I'm usually of the mind that I'm going to buy and hold these stocks for decades. And my plan is to buy when I think valuations are good, so there is a margin of safety. But while it is hard to time a buy decision, I think the sell decision is even harder.
There is a good argument to sell when your shares have become overvalued. This is not the same as saying that your stock has had a strong run up in price, however, and the distinction is important. If I buy AFL in the $40s, believing it to be significantly undervalued, and I think it is fairly valued, or still slightly undervalued, in the $60s, then it would be silly for me to sell in the $60s just because of the strong run. Now if it gets to the $80s and I think that is noticeably over-valued, that is when there is a tough choice to be made for a dividend growth investor.

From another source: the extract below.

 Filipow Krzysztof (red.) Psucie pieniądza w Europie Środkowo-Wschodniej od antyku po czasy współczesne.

Graham and Buffet and their ilk have been wildly successful buying when undervalued and selling when overvalued. And it couldn't seem any simpler than that. And while I am reasonably confident that I can spot undervaluation, I am not as confident with overvaluation. While they would seem to be two sides to the same coin, I think there is a big difference. When you make a buy decision, and you are dealing with a quality dividend growth stock, time is on your side. Even if you were a bit wrong about the valuation, you should do just fine over the many years ahead that the company has to grow its earnings and dividends, with the share price in tow. It is not the same with a sell decision -- if you're wrong and the stock is not overvalued, you miss out on the future growth of the company. Moreover, if you believe in staying mostly invested, you need a better place to put the cash than the company that you sold. In a down market where there are opportunities aplenty, this might be no problem at all. But when prices are up generally, it is harder.
On balance, then, although I see the logic in it, I personally have not yet been interested in selling off any of my winners. I've only sold where I see problems with the company or my original thesis in buying the stock has proven incorrect. My plan on buying is to hold for decades and enjoy the growing income stream, and I'll take a run-up in price as validation of the buy decision, but not as an invitation to part ways with the stock.

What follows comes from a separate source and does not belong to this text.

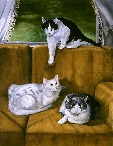 King of the Hill Matted Open Edition Mini Print of an original Drew Strouble cat art painting of a black-white cat, a spotted white cat and a gray-white tabby cat. Open Edition Mini Prints. Overall size: 9 3/4" x 11 5/8" incl. 2" mat. Each print is hand signed and titled. All prints are shrink wrapped with a white mat and foamcore backing.

On the other hand, if I had no dry powder, had something that felt overvalued to me, and there was a screaming opportunity that I was dying to jump on, I could see making the move. Or I could see selling off a portion of my portfolio generally if we found ourselves in another dot-com-type mania.
I'm usually of the mind that I'm going to buy and hold these stocks for decades. And my plan is to buy when I think valuations are good, so there is a margin of safety. But while it is hard to time a buy decision, I think the sell decision is even harder.
There is a good argument to sell when your shares have become overvalued. This is not the same as saying that your stock has had a strong run up in price, however, and the distinction is important. If I buy AFL in the $40s, believing it to be significantly undervalued, and I think it is fairly valued, or still slightly undervalued, in the $60s, then it would be silly for me to sell in the $60s just because of the strong run. Now if it gets to the $80s and I think that is noticeably over-valued, that is when there is a tough choice to be made for a dividend growth investor.
Graham and Buffet and their ilk have been wildly successful buying when undervalued and selling when overvalued. And it couldn't seem any simpler than that. And while I am reasonably confident that I can spot undervaluation, I am not as confident with overvaluation. While they would seem to be two sides to the same coin, I think there is a big difference. When you make a buy decision, and you are dealing with a quality dividend growth stock, time is on your side. Even if you were a bit wrong about the valuation, you should do just fine over the many years ahead that the company has to grow its earnings and dividends, with the share price in tow. It is not the same with a sell decision -- if you're wrong and the stock is not overvalued, you miss out on the future growth of the company. Moreover, if you believe in staying mostly invested, you need a better place to put the cash than the company that you sold. In a down market where there are opportunities aplenty, this might be no problem at all. But when prices are up generally, it is harder.
On balance, then, although I see the logic in it, I personally have not yet been interested in selling off any of my winners. I've only sold where I see problems with the company or my original thesis in buying the stock has proven incorrect. My plan on buying is to hold for decades and enjoy the growing income stream, and I'll take a run-up in price as validation of the buy decision, but not as an invitation to part ways with the stock.
On the other hand, if I had no dry powder, had something that felt overvalued to me, and there was a screaming opportunity that I was dying to jump on, I could see making the move. Or I could see selling off a portion of my portfolio generally if we found ourselves in another dot-com-type mania.